Diodes do have a resistance and voltage-drop. Just not perfectly linear. Forward-voltage (Vf) to amps flowed is in the XM-L datasheet and you can derive a resistance from that.
Originally Posted by unterhausen
Regulators actually don't change voltage in order to maintain current. Linear regulators like the LM317T uses a voltage-divider and shunt-to-ground in order to provide a fixed current output. It takes whatever voltage is fed to it and splits it into two legs (Y). For example, with a 6v input:
LEG1 = 3.35v output to LED in order to flow 3000ma
LEG2 = 6-3.35v = 2.65v @ 3000ma is shunt to ground
The power-source in this case (batteries, transformers, etc.) will be outputting 6v @ 3000ma or 18w total. This is then split by the regulator to send 3.35v @3000ma to the LED (10w) and 2.65v@3000ma to ground (8w). Based upon the total consumption, 18w, and 10w actually used, you can consider this regulator to be 55% efficient.

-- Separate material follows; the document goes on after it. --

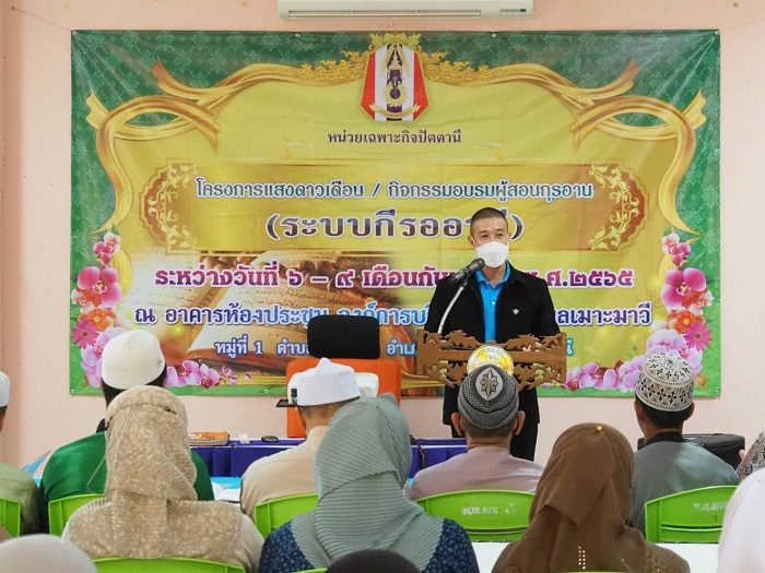 เมื่อวันที่ 6 กันยายน 2565 เวลา 08.30 น. ที่ห้องประชุม องค์การบริหารส่วนตำบลเมาะมาวี อำเภอยะรัง จังหวัดปัตตานี พันเอก พรชัย นิ่มทัศนศิริ รองเสนาธิการหน่วยเฉพาะกิจปัตตานี เป็นประธานเปิดกิจกรรม “โครงการแสงดาวเดือน/กิจกรรมอบรมผู้สอนกุรอาน” เพื่อเป็นผู้สอนกุรอานในระบบกีรออาตี เพื่อส่งเสริมสนับสนุนผู้สอนมีทักษะการอ่านอัลกรุอ่านตามแบบกีรออาตี ส่งเสริมพัฒนาศักยภาพและเพิ่มพูนความสามารถในการสอนอัลกรุอ่านให้แก่เยาวชน และประชาชนในพื้นที่อ่านอัลกรุอ่านได้อย่างถูกต้องตามหลักไวยกรณ์และสามารถเข้าใจถึงเนื้อหานำไปสู่การแปลและการตีความหมายที่ถูกต้องอย่างอย่างแท้จริง ป้องกันการเบือนคำสอนของศาสนาอิสลาม เสริมสร้างความรู้ของการอยู่ร่วมกันภายใต้สังคมพหุวัฒนธรรม ซึ่งเป็นอัตลักษณ์ท้องถิ่นของพื้นที่จังหวัดชายแดนภาคใต้ และเป็นการสร้างภาพลักษณ์ที่ดีต่อหน่วยงานภาครัฐ ที่พร้อมส่งเสริมทุกศาสนาอย่างเท่าเทียมกัน โดยมี รองผู้บังคับหน่วยเฉพาะกิจกรมทหารพรานที่ 20 นายกองค์การบริหารส่วนตำบลเมาะมาวี บาบอ ฮิบรอเฮง ฮะ และทีมคณะวิทยากร รวมถึงผู้นำศาสนา ผู้นำท้องที่ ผู้นำท้องถิ่น ร่วมในพิธี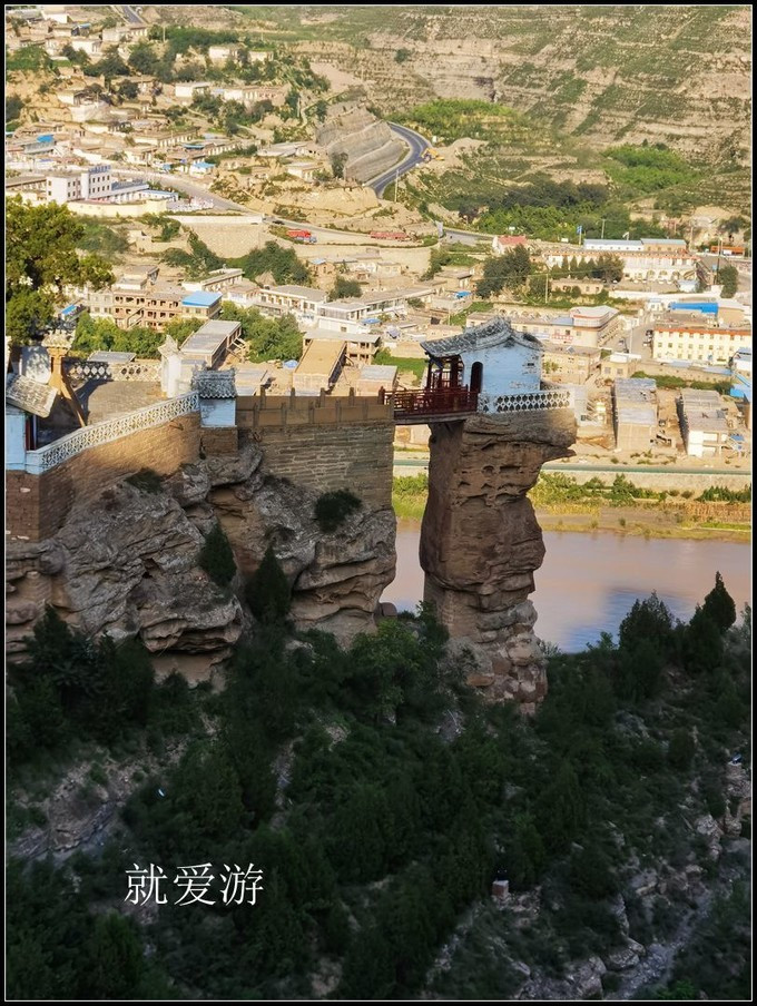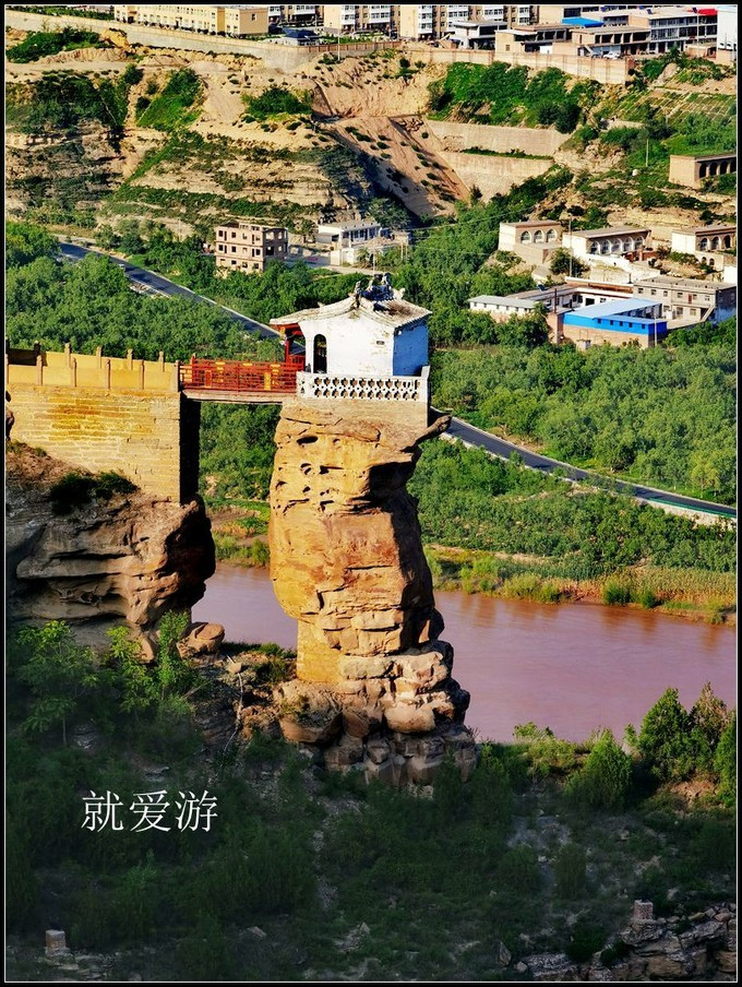 香炉寺香炉寺素有 佳县 八景之一香炉晚照之美誉。香炉寺地势险峻,香炉石凌空而起,断桥惊险异常,置身其上,如凌绝空际,低头俯看,滔滔 黄河 激流而下,汹涌澎湃,佳临 黄河 大桥横贯东西,如龙卧波。

More modern regulators, such as the AMC 7135 PIC, sends full-voltage across to the driven LED. Current is regulated with PWM, like a fuel-injector. There is no shunt-to-ground to dissipate the un-needed voltage that would've resulted in too much current flowing. A 13v battery can actually run a 3.35v Vf LED @3000ma by driving it at 25% duty-cycle. When battery-voltage drops near 3.35v, the regulator will use 100% duty-cycle (direct-drive) and connect the power-source directly to LED. In this case, you can consider this regulator to be 100% efficient.
If the 7135 is configured in a buck-boost configuration, it can even raise the supply voltage if it's less than the Vf of the LED. Common department-store flashlights (Husky from Home Depot), that uses 2x 1.5 AA or D batteries in series for 3v supply uses a boost circuit to send a higher 3.35v to 4.5v to the LED, like a P7.